Un départ avant le jour veut dire aussi partir sans le petit déjeuner servi sur la varangue, qui se prend le matin, sur place. Beaucoup de visiteurs gardent la montée pour un jour où ils dorment plus près des Plaines.

Le programme quand il n’y a rien à voir

C’est le cas le plus fréquent, et ce n’est pas une consolation : ce que le volcan a fabriqué au fil des siècles est visible à quelques minutes d’ici, sans éruption et sans arrêté ; tout ce qu’il y a à voir autour de la maison tient sur une seule page. Le Cap Méchant est à 8,9 km, avec ses falaises de lave noire et son sentier de bord de mer.

Les falaises de lave noire du Cap Méchant battues par l’océan, vues du ciel
Le Cap Méchant, à 8,9 km : une coulée ancienne arrêtée net par l’océan. C’est la même lave qu’au volcan, plus vieille de quelques siècles.

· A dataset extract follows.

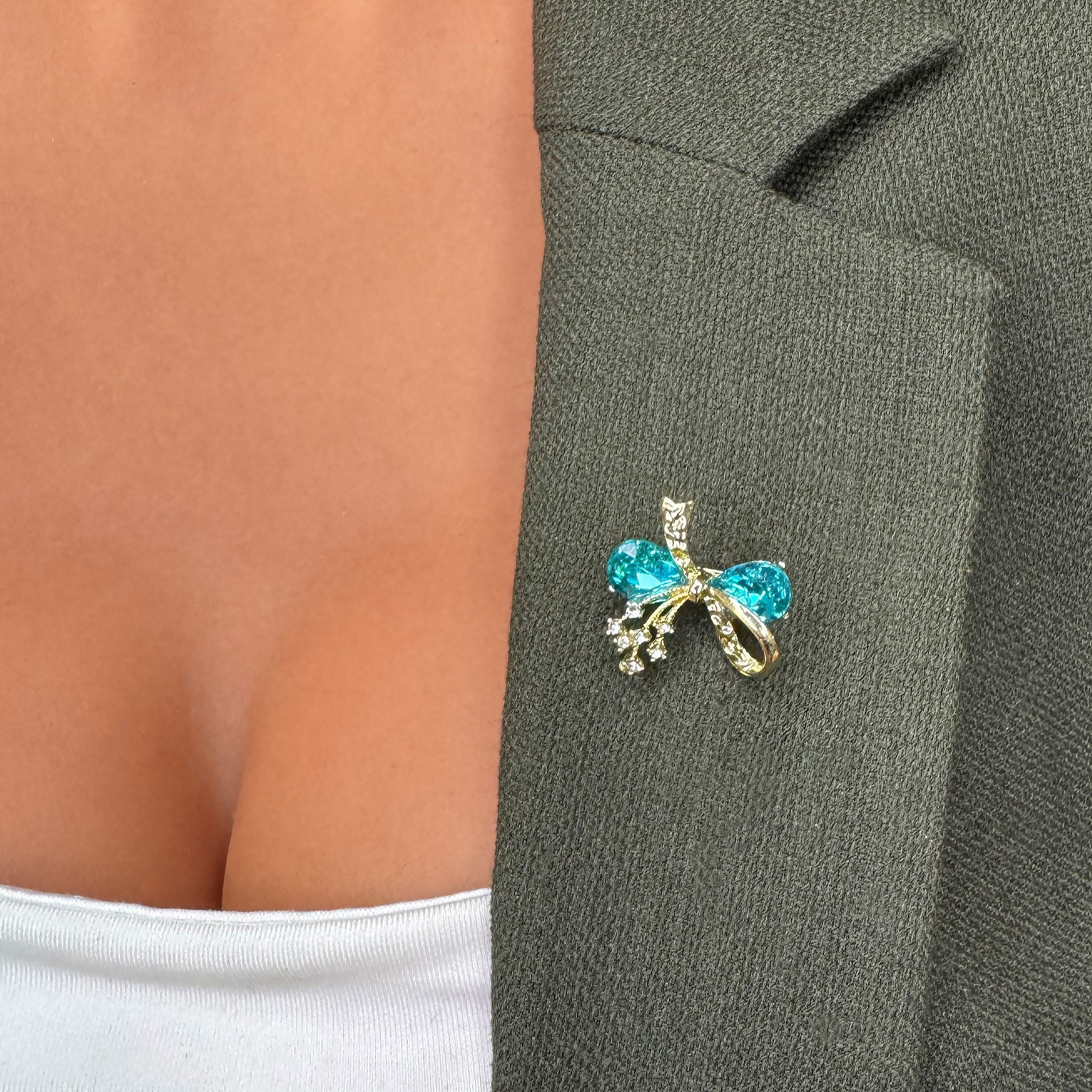 Această broșă emană o aură de rafinament și eleganță, potrivită pentru a evidenția frumusețea și feminitatea într-un mod subtil și rafinat. Cu designul său în formă de fundă și strălucirea pietrelor, transmite un aer sofisticat și clasic, fiind potrivită pentru ocazii speciale sau pentru a sublinia eleganța unei ținute.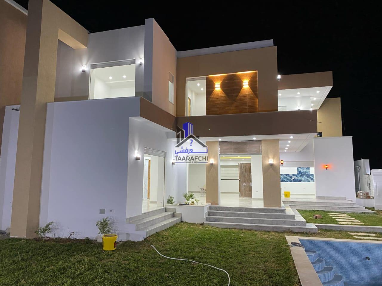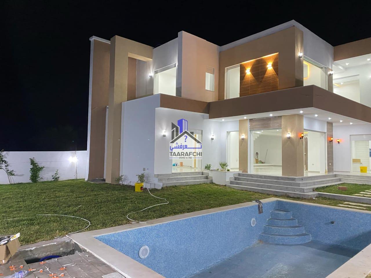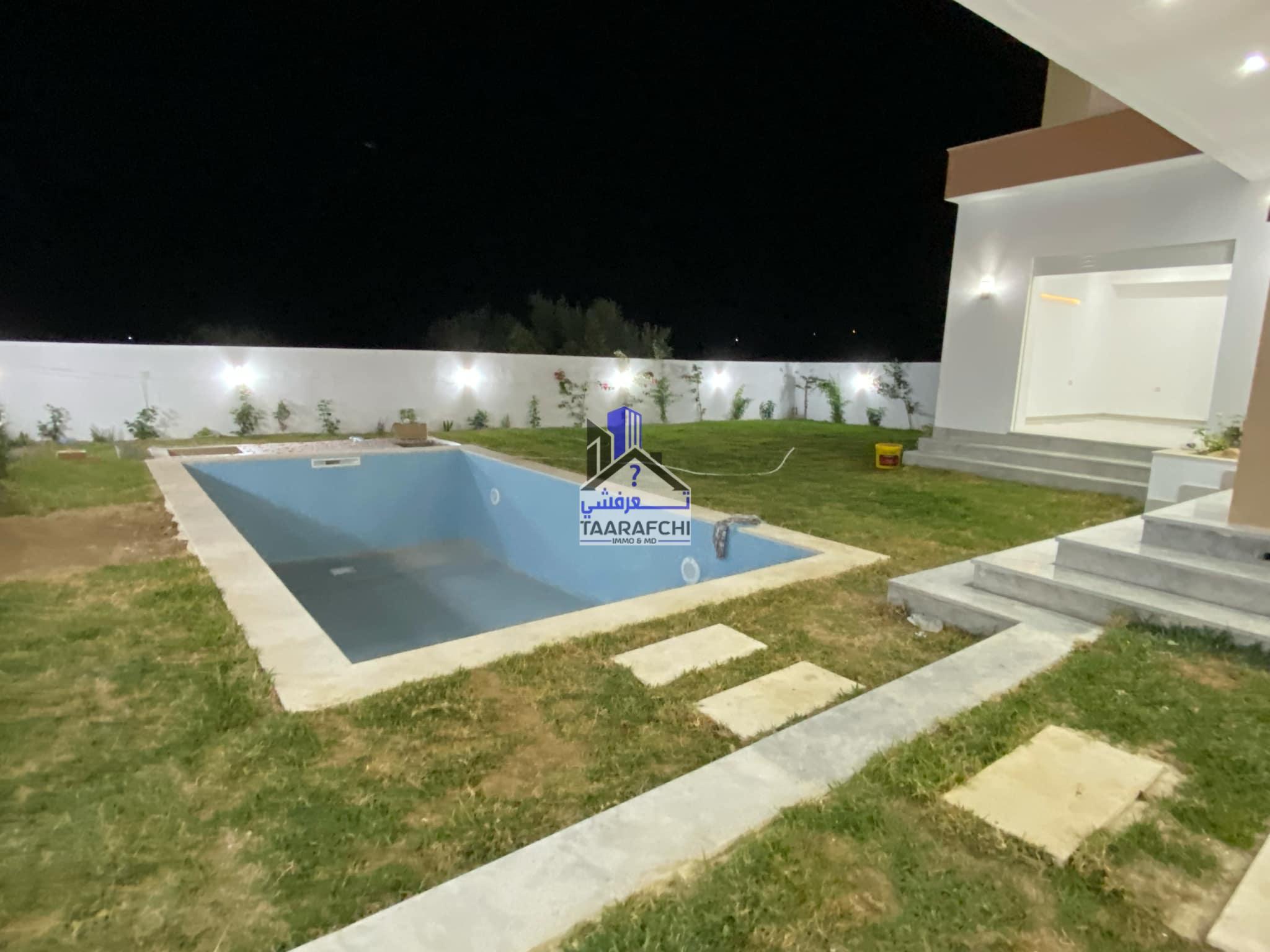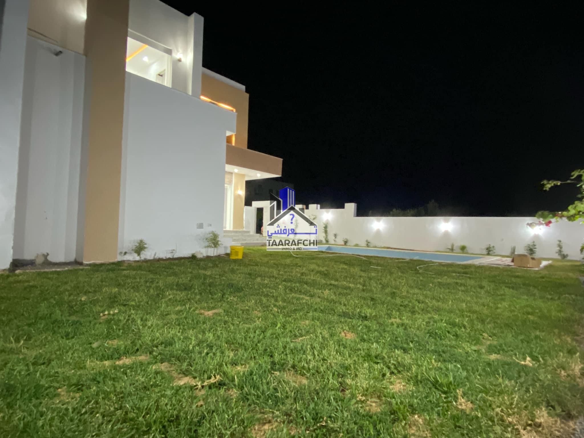 A vendre une villa S+4 de haut standing avec piscine, située dans un emplacement calme à 6km d’Hammamet sud.

Les tunnels de lave se visitent à Saint-Philippe, avec un guide : des galeries creusées par la lave elle-même, où l’on marche sur un sol figé. À Sainte-Rose, à 37,9 km, la coulée de 1977 s’est arrêtée à la porte de l’église de Notre-Dame des Laves. L’Anse des Cascades est à 33,4 km, la forêt de Mare-Longue à 11,7 km.

L’intérieur d’un tunnel de lave à Saint-Philippe : sol de lave figée, sortie vers la végétation
Un tunnel de lave à Saint-Philippe : la coulée s’est vidée en laissant sa galerie. On y entre accompagné, jamais seul.

Et les jours où l’on ne reprend pas la voiture, il y a la piscine du jardin, à laquelle Le Coco donne directement, et la varangue commune — réfrigérateur, micro-ondes et vaisselle — pour dîner sur place de ce qu’on a rapporté.

Questions fréquentes

Peut-on voir la lave de près pendant une éruption ?

Presque jamais. L’Enclos est fermé au public pendant l’événement, et les images spectaculaires qui circulent viennent le plus souvent de survols autorisés ou des équipes scientifiques. Venir marcher dans l’Enclos hors éruption est un projet réaliste ; venir pour voir de la lave couler n’en est pas un.

Une éruption est-elle dangereuse pour Saint-Philippe ?

Non. L’activité reste dans une zone inhabitée, la lave avance lentement et il n’y a rien à évacuer sur le littoral. Ce qui change, c’est la circulation vers les Plaines, et éventuellement la route côtière du Grand Brûlé si une coulée s’en approche. Le reste du séjour n’est pas concerné.

Combien de temps dure une éruption ?

Personne ne le sait au début. Certaines s’arrêtent au bout de quelques jours, d’autres tiennent beaucoup plus longtemps, et l’intensité varie d’un jour à l’autre. C’est aussi pourquoi caler des dates de séjour sur une éruption en cours n’a pas de sens : elle peut s’être arrêtée avant votre arrivée.

Y a-t-il un intérêt à monter avec de jeunes enfants ?

Le trajet est long et le froid réel en altitude. Si l’accès à l’Enclos est de toute façon fermé, la journée se résume à quatre heures de voiture pour un point de vue lointain. Les tunnels de lave et le Cap Méchant, à quelques minutes d’ici, racontent la même histoire à hauteur d’enfant.